## Assignment
Beginning at the line with "Джинсы прямого кроя", please repeat each line exactly through the end of the records below, including that first line and the last, but no pictures.

## Provided information
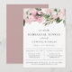 Watercolor floral arrangements in shades of dusty mauve and green, rehearsal dinner invitation. Chic and modern typography design. Back of card features solid dusty mauve colour.
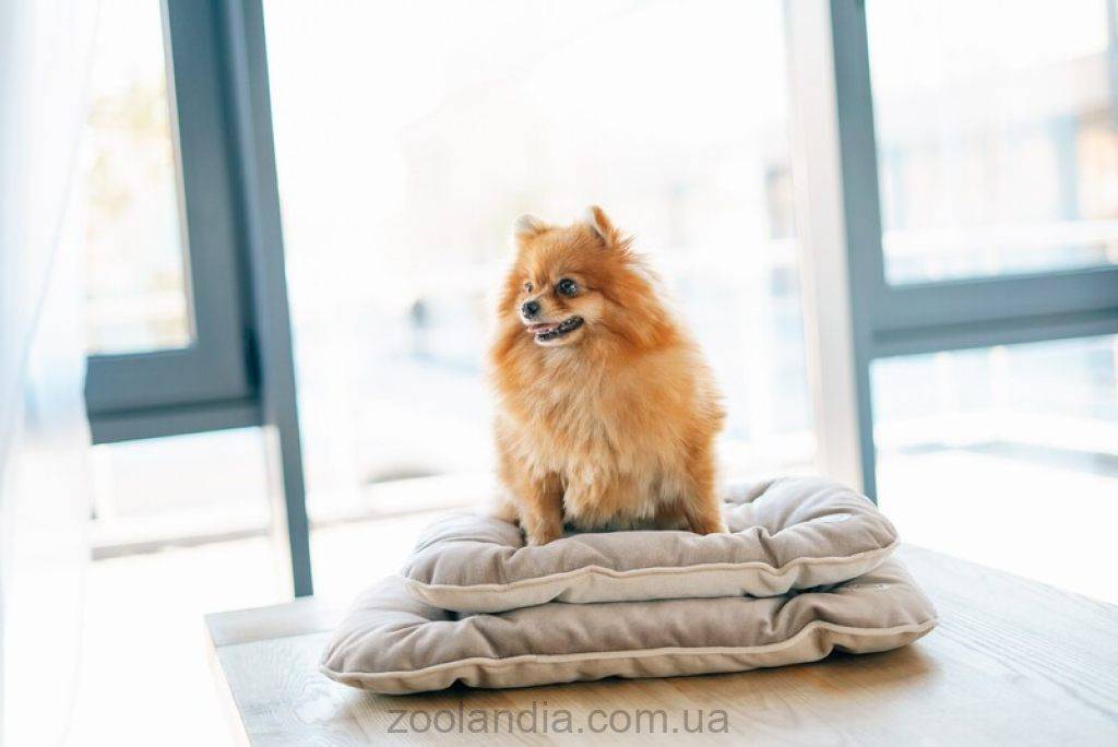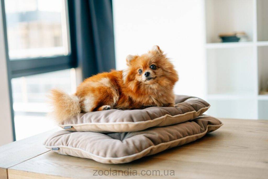 S: 58 х 40 (см), толщина - 5-6 см. Для маленьких собачек весом до 6 кг (шпицов, йоркширских терьеров, той-терьеров).
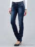 Джинсы прямого кроя с эффектом потертости. Накладные и втачные карманы. Застежка на молнию и пуговицу.
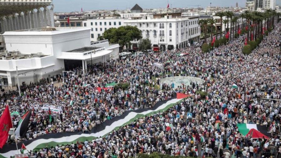 Bajo un océano de banderas iraníes y palestinas, los participantes levantan carteles que condenan la ocupación de Israel y la infracción a la santidad de la Mezquita Al-Aqsa, al tiempo que declaran el "inevitable derrumbe" del régimen de Tel Aviv.
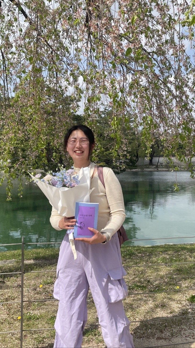 | ▲ 봄날 경복궁에서, 친구가 선물해 준 시집의 표지 색이 같은 꽃다발을 안은 모습 |
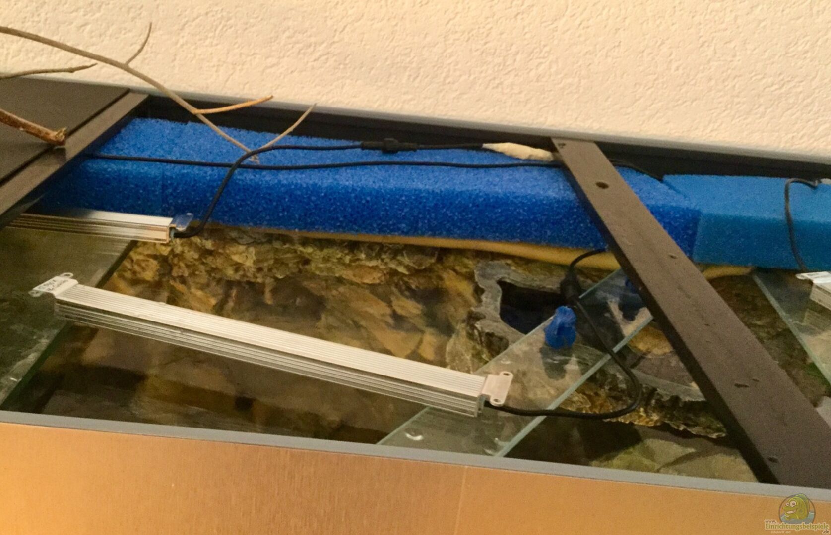 2 Heizstäbe (je 100 W), integriert im Innenfilter (siehe oben) Strömungspumpe Tunze Turbelle nanostream 6045 (regulierbare Stömungsleistung von 1500 bis max. 4500 l/h) pH meter sera precision (mobile pH-Messelektrode, im Becken fixiert)

## Task output
 Джинсы прямого кроя с эффектом потертости. Накладные и втачные карманы. Застежка на молнию и пуговицу.
 Bajo un océano de banderas iraníes y palestinas, los participantes levantan carteles que condenan la ocupación de Israel y la infracción a la santidad de la Mezquita Al-Aqsa, al tiempo que declaran el "inevitable derrumbe" del régimen de Tel Aviv.
 | ▲ 봄날 경복궁에서, 친구가 선물해 준 시집의 표지 색이 같은 꽃다발을 안은 모습 |
 2 Heizstäbe (je 100 W), integriert im Innenfilter (siehe oben) Strömungspumpe Tunze Turbelle nanostream 6045 (regulierbare Stömungsleistung von 1500 bis max. 4500 l/h) pH meter sera precision (mobile pH-Messelektrode, im Becken fixiert)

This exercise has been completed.